The NRAO's facility in Socorro is the Pete Domenici Array Operations Center (AOC). Located on the New Mexico Tech university campus, the AOC serves as the headquarters for the Very Large Array (VLA), which was the setting for the 1997 movie Contact, and is also the control center for the Very Long Baseline Array (VLBA). The ten VLBA telescopes are in Hawaii, the U.S. Virgin Islands, and eight other sites across the continental United States.

===Tucson, Arizona===
Offices were located on the University of Arizona campus.
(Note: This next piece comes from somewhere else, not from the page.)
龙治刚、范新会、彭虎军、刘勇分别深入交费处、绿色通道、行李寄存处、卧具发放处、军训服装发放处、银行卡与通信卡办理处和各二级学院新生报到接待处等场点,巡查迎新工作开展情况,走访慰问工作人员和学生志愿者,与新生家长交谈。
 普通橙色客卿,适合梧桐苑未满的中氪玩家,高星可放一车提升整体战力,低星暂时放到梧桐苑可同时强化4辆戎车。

NRAO formerly operated the 12-Meter Telescope on Kitt Peak. NRAO suspended operations at this telescope and funding was rerouted to the Atacama Large Millimeter Array (ALMA) instead. The Arizona Radio Observatory now operates the 12-Meter Telescope.
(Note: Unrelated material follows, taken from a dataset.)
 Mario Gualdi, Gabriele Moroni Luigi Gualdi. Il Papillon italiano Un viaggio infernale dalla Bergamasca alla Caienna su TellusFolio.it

===San Pedro de Atacama, Chile===
The Atacama Large Millimeter Array (ALMA) site in Chile is at ~5000 m altitude near Cerro Chajnantor in northern Chile. This is about 40 km east of the historic village of San Pedro de Atacama, 130 km southeast of the mining town of Calama, and about 275 km east-northeast of the coastal port of Antofagasta.

== Directors ==
- 1959 - 1962: Otto Struve
- 1962 - 1978: David S. Heeschen
- 1978 - 1984: Morton S. Roberts
- 1984 - 1985: Hein Hvatum
- 1985 - 2002: Paul A. Vanden Bout
- 2002 - 2012: Fred K.Y. Lo
- 2012 - present: Anthony Beasley

==Jansky Prize==
The Karl G. Jansky Lectureship is a prestigious lecture awarded by the board of trustees of the NRAO. The Lectureship is awarded "to recognize outstanding contributions to the advancement of radio astronomy". Recipients have included Fred Hoyle, Charles Townes, Edward M. Purcell, Subrahmanyan Chandrasekhar, Philip Morrison, Vera Rubin, Jocelyn Bell Burnell, Frank J. Low, and Mark Reid. The lecture is delivered in Charlottesville, Green Bank, and in Socorro.